WHAT THIS TASK INVOLVES: Return nothing but the lines from the one with "Sport enkel: Pim" through the one with "Anima Hurry Up" in the data below, word for word and without pictures.

INPUT MATERIAL:
· · · · ·
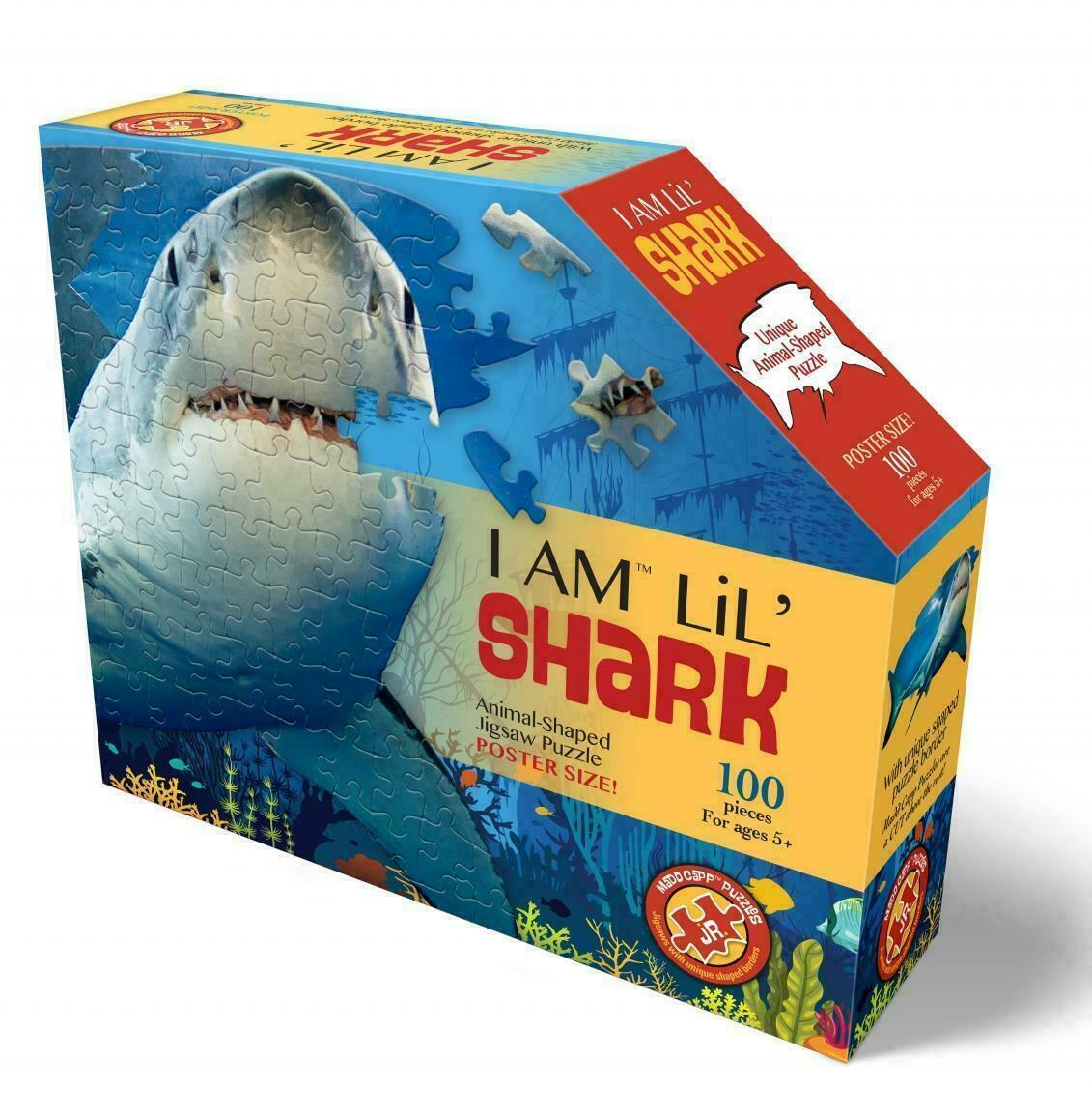 Пазл детский контурный "I AM Lil' SHARK", 100 элементов, форма акулы, морская тематика
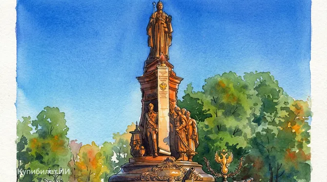 Конструкция поражает своими масштабами: высота монумента достигает почти 14 метров, а на его создание ушло около 25 тонн бронзы и 80 граммов сусального золота. В центре композиции — фигура мудрой Екатерины Великой в императорской порфире, со скипетром и державой в руках. У подножия постамента запечатлены знаковые исторические личности: князь Потемкин-Таврический и первые атаманы Черноморского казачьего войска.
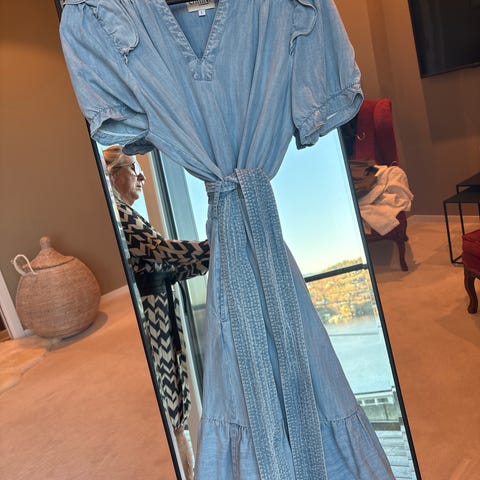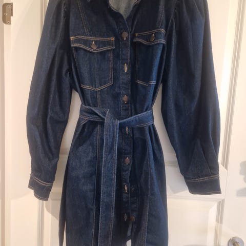 Denimkjole med god stretch. Innsvinget i livet og knapper i front. Selges da den er litt for stor, lang på armene (man kan brette opp).
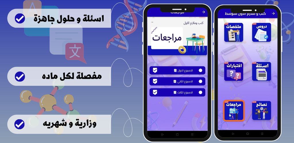 1. **Eine umfassende Bibliothek mit Lehrbüchern**: Die Anwendung enthält elektronische Kopien aller für die erste Mittelstufe erforderlichen Lehrbücher, was den Schülern den Zugriff auf die Bildungsinhalte jederzeit und von überall aus erleichtert Arabisches Buch, die erste Mittelstufe und das erste islamische Buch der Mittelstufe. Das erste Mathematikbuch ist die Mittelstufe, das erste Englischbuch ist die Mittelstufe, das erste Biologiebuch ist die Mittelstufe 2025, das erste Physikbuch ist die Mittelstufe 2025, das erste Chemiebuch ist die Mittelstufe 2025, und das erste sozialwissenschaftliche Buch ist Mittelstufe 2025.
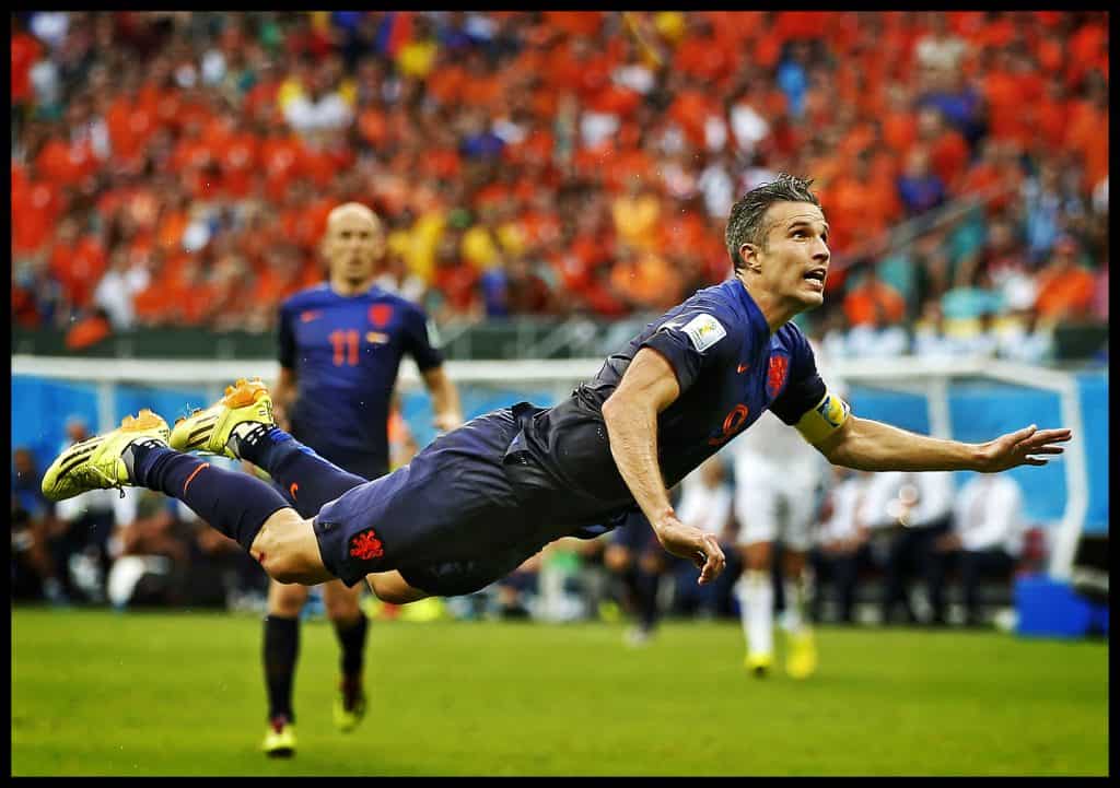 Sport enkel: Pim Ras met de kopbal van Robin van Persie. “Van dit soort beelden weet je dat ze de hele wereld overgaan. Het is kicken als je zo’n foto maakt.”
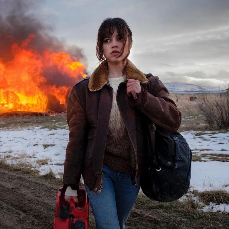 Anima Hurry Up Tomorrow 2025 Jenna Ortega Brown Fur Collar Leather Jacket
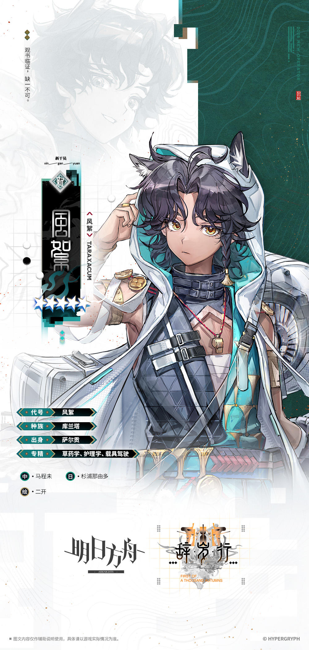 【新增干员】//风絮“您好,叫我风絮就行。老师让我来这里交流学习,顺便向他的几个兄弟姐妹报声平安。我?一介车夫,稍微也懂些医术。”____________【年的回信】哟,稀罕事。那天不好意思露面,现在倒想起给我这个姐姐写信了?你那个小学徒——“风絮”,是吧?一听就知道是你取的名儿。放心,那天见过,小个子当时还特地给他准备了一份萨尔贡的小吃来着。托他捎给你的那份吃完了没?说好了啊,没吃完可
· · · · ·
RESULT:
 Sport enkel: Pim Ras met de kopbal van Robin van Persie. “Van dit soort beelden weet je dat ze de hele wereld overgaan. Het is kicken als je zo’n foto maakt.”
 Anima Hurry Up Tomorrow 2025 Jenna Ortega Brown Fur Collar Leather Jacket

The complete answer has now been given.